What we’ve heard from some of the employers who advertise their jobs with us is a shift from a campus- to demographic-centric approach, meaning that fewer employers will target schools and, instead, will target students who fit their desired profile. For example, instead of going to 20 schools because those schools have a lot of women in STEM, they’ll instead just target women in STEM regardless of the school those students happen to attend. Employers will engage with emails, postings, banners, social, and other media and drive those candidates to a landing page. That landing page may be a posting on their ATS but many of them are planning on driving them to a candidate relationship manager (CRM) page where the candidate will be able to watch videos related to the roles of interest, take a virtual tour of the corporate office they’d work in, ask questions via chatbot, and opt-in to receive emailed or texted information.

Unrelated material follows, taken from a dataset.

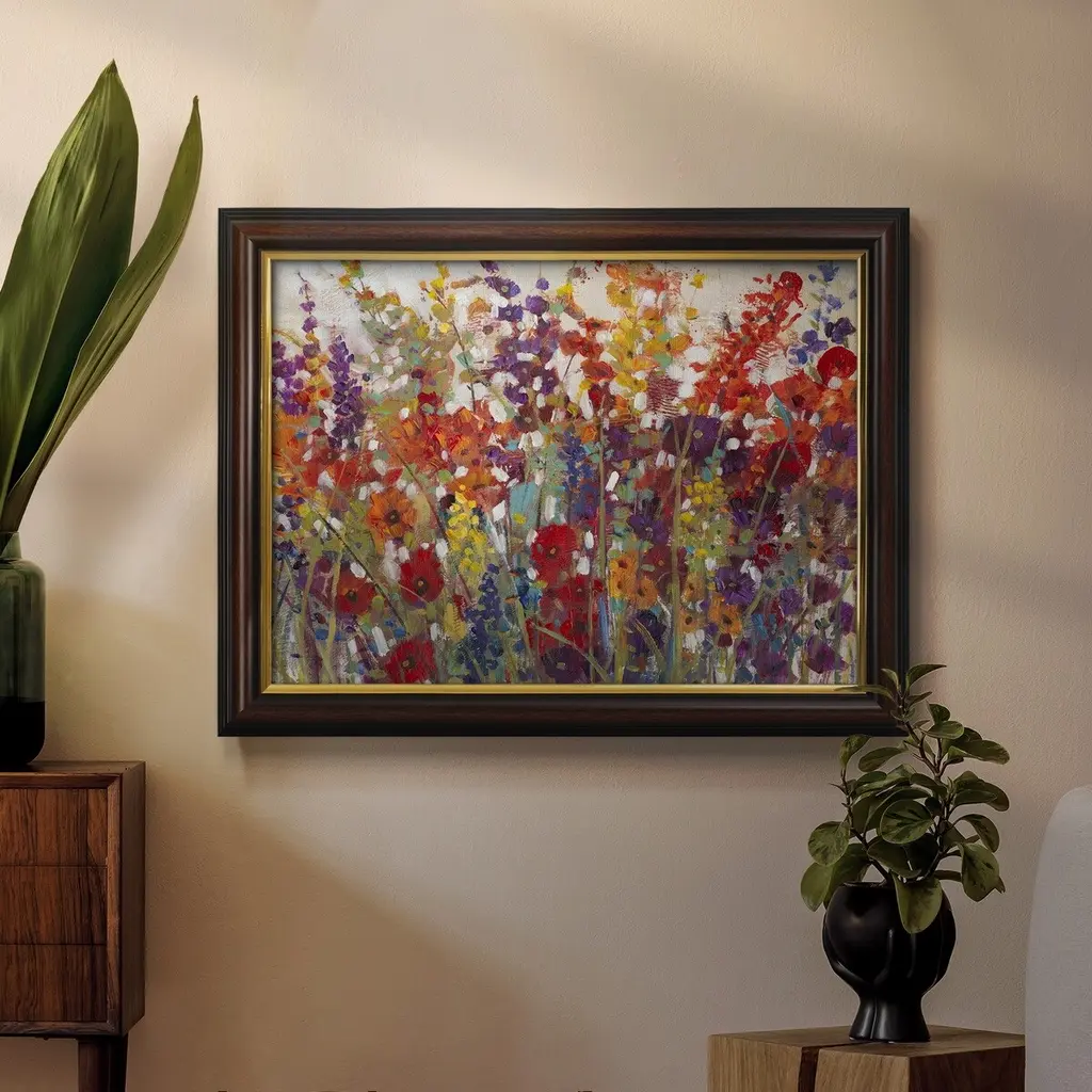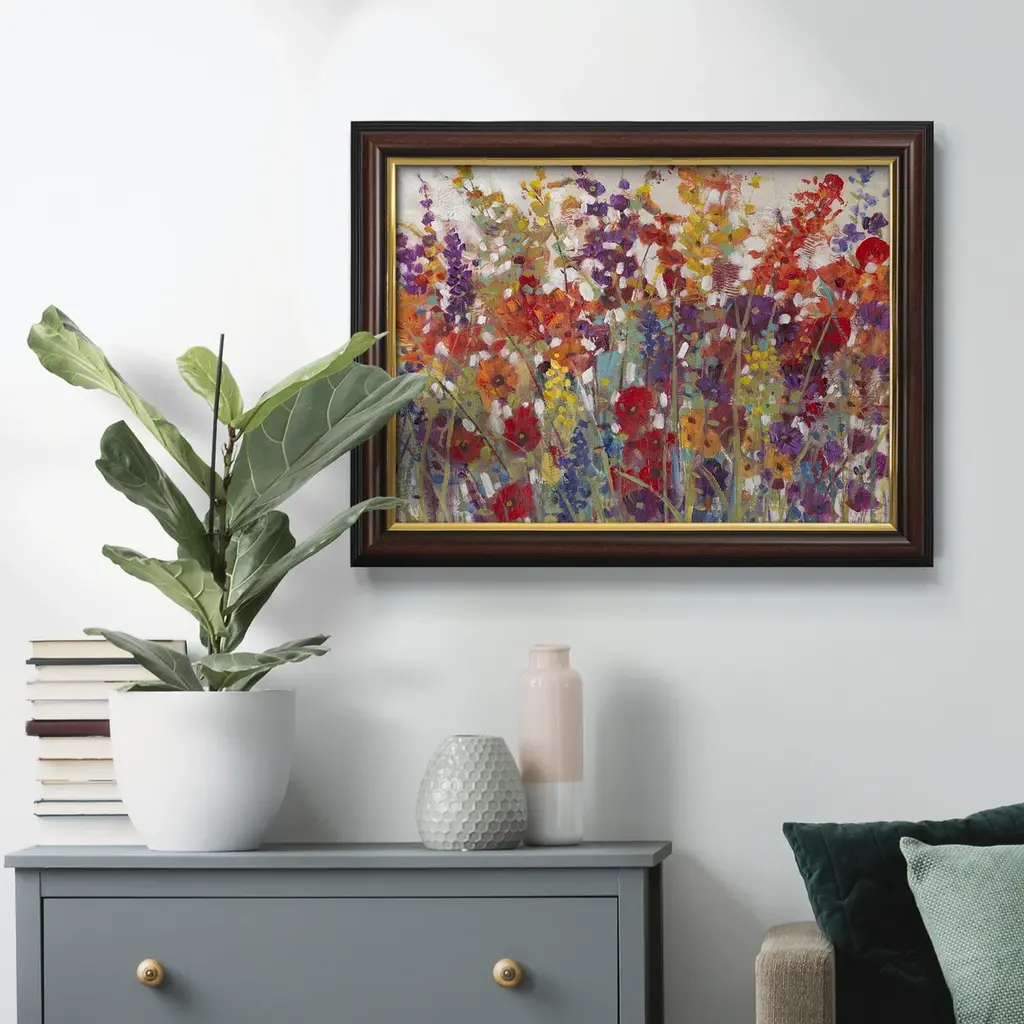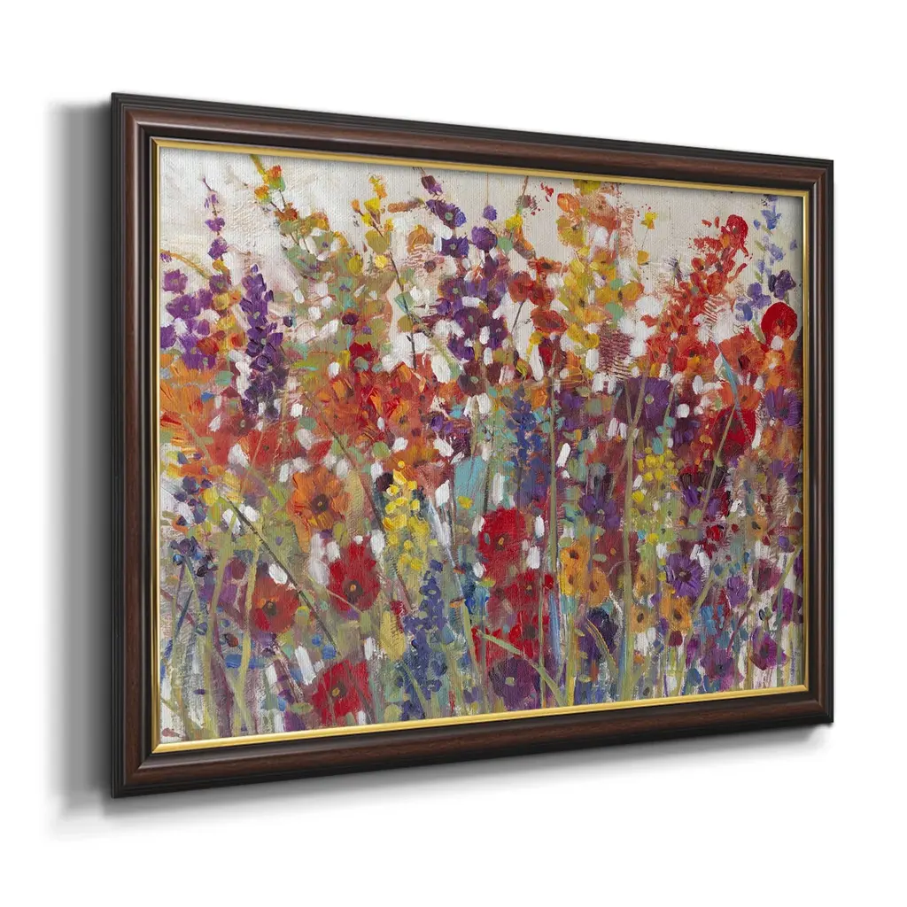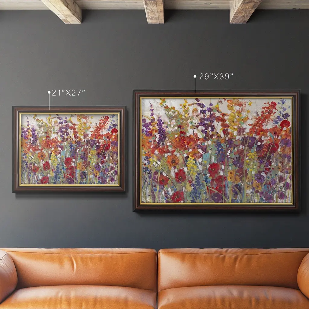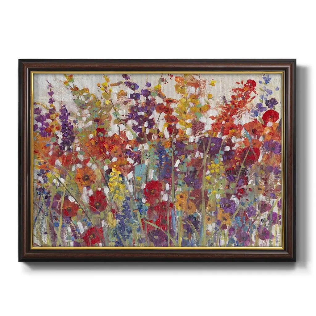 Variety of Flowers II Premium Framed Canvas- Ready to Hang A Premium Framed Canvas created to last. Framed in distressed wood and available in an array of sizes and colors Featuring a beveled a solid wood stretcher bar, each piece comes ready to hand 3 SIZES AVAILABLE 16''X20'' - Overall Size 18'X27'' - Overall Size 24''x36'' - Overall Size Each piece is made to order. Each piece comes with hanging hardware. Made in the USA Ready to Hang Giclee Paper Print Acrylic Glass Beveled Matt Board

Once the candidate applies, and sometimes even before that, they may be interviewed by video. Some of those will be asynchronous like Hirevue is known for and others will be bisynchronous like a more traditional, in-person or phone interview. Either way, video interviews allow employers to speak with far more candidates far faster and far less expensively. Instead of being able to interview candidates at 20 schools, they can interview candidates at thousands of schools. That’s great for their diversity and inclusion efforts, but a real challenge for candidates who aren’t comfortable talking into a screen. Mind you, for every candidate who isn’t comfortable talking into a screen there is probably a candidate who isn’t comfortable with an in-person interview.

In a nutshell, I suspect what we’re going to see this fall and beyond is a massive shift that we thought would take years instead taking just months. More and more employers will become school and even major agnostic. For the schools who struggled to attract employers to their campuses, this is great news. For the students whose majors weren’t the most sought after, this is great news. Far more schools and students will find it far easier to become part of the hiring process, but one cost to all will be a much lower touch process with far more candidates considered, far more interviewed via video, and far more extended offers without stepping foot in the facility they’ll work in.